这是参考数据的非常简化版本。实际数据来自多个.csv文件。此数据可以包含n个具有静态列名称的行,其中ID表示行的ID,每列表示一个变量。附加的R表示"右"缺少R代表"左":
R1 <- c(1,200,201,20,21,300,301,30,31,400,401,40,41)
R2 <- c(2,201,202,21,22,301,302,31,32,401,402,41,42)
R3 <- c(3,200,201,20,21,300,301,30,31,NA,NA,NA,NA)
R4 <- c(4,201,202,21,22,NA,NA,NA,NA,401,402,41,42)
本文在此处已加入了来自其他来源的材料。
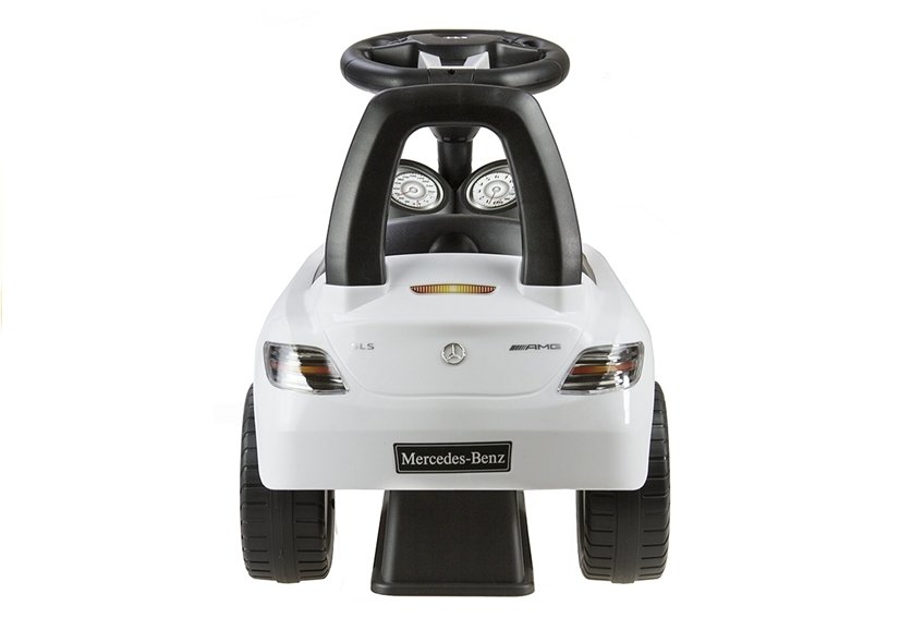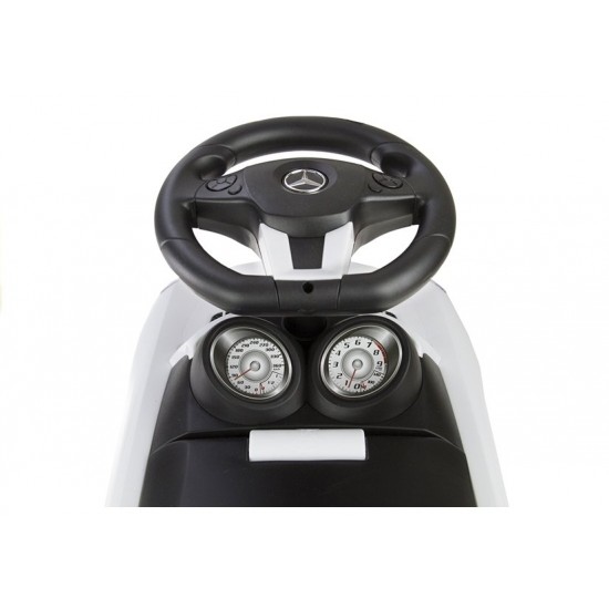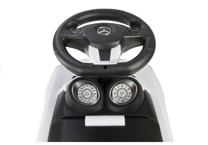 Mai mult, mercedesul este echipat cu sistem de lumini si sunete care il vor amuza si distra pe micul explorator, devenind astfel jucaria lui preferata.

ref <- data.frame(rbind(R1,R2,R3,R4))
colnames(ref) <- c("ID","H1","H1R","H2","H2R","U1","U1R","U2","U2R","R1","R1R","R2","R2R")
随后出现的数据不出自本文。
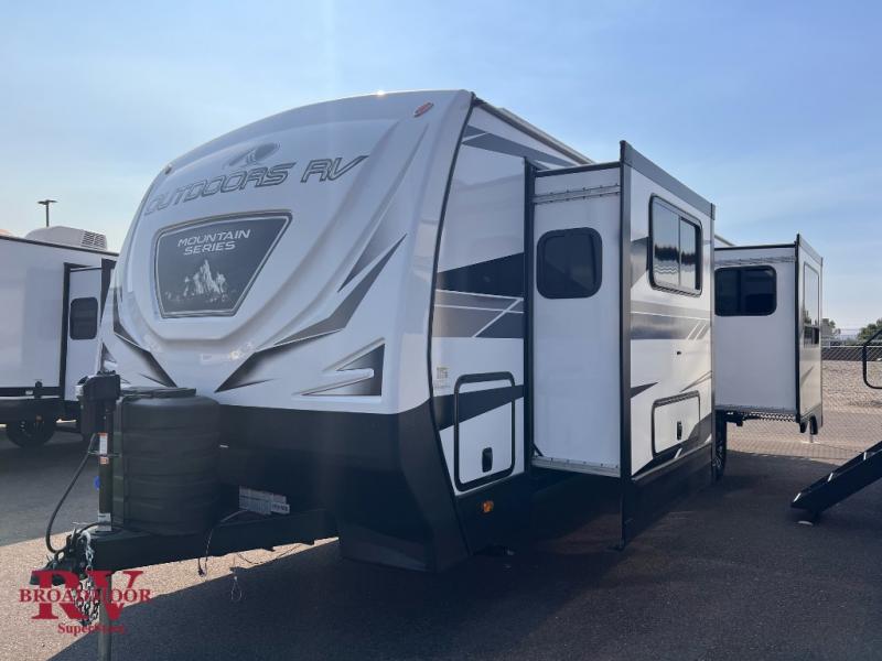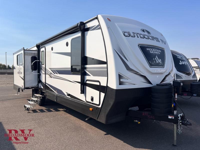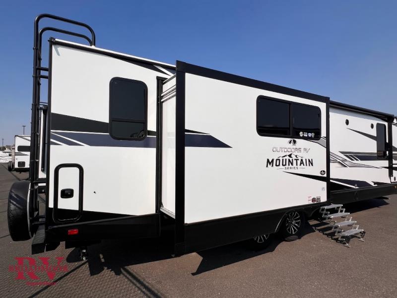 With any Black Stone Mountain Series travel trailer by Outdoors RV, you will enjoy climate designed four seasons camping thanks to the thermal pane windows and unique heated, insulated holding tank design. The custom-built chassis and rugged integrated A-frame are built for strength and durability, along with the rugged 2" bonded aluminum frame walls. Each model includes LG solid surface countertops, granite designed backsplash, vaulted radius ceilings, and a mountain comfort premium mattress for all-around comfort. You will also love the XL panoramic slide out windows and the dual pane living room skylight with a shade to let natural light in!

排序数据类似,但格式不同。它具有相应的列名称,但不附加R但在不同的侧列中单独列出:
R1 <- c(1,"left","H",1,200,20,NA,NA,NA,NA)
R2 <- c(2,"right","H",2,201,21,NA,NA,NA,NA)
R3 <- c(3,"left","R",2,NA,NA,NA,NA,400,40)
R4 <- c(4,"right","R",3,NA,NA,NA,NA,401,41)
R5 <- c(5,"left","U",2,NA,NA,300,30,NA,NA)
R6 <- c(6,"right","U",5,NA,NA,301,31,NA,NA)
sort <- data.frame(rbind(R1,R2,R3,R4,R5,R6))
colnames(sort) <- c("ID","Side","Element","Individual","H1","H2","U1","U2","R1","R2")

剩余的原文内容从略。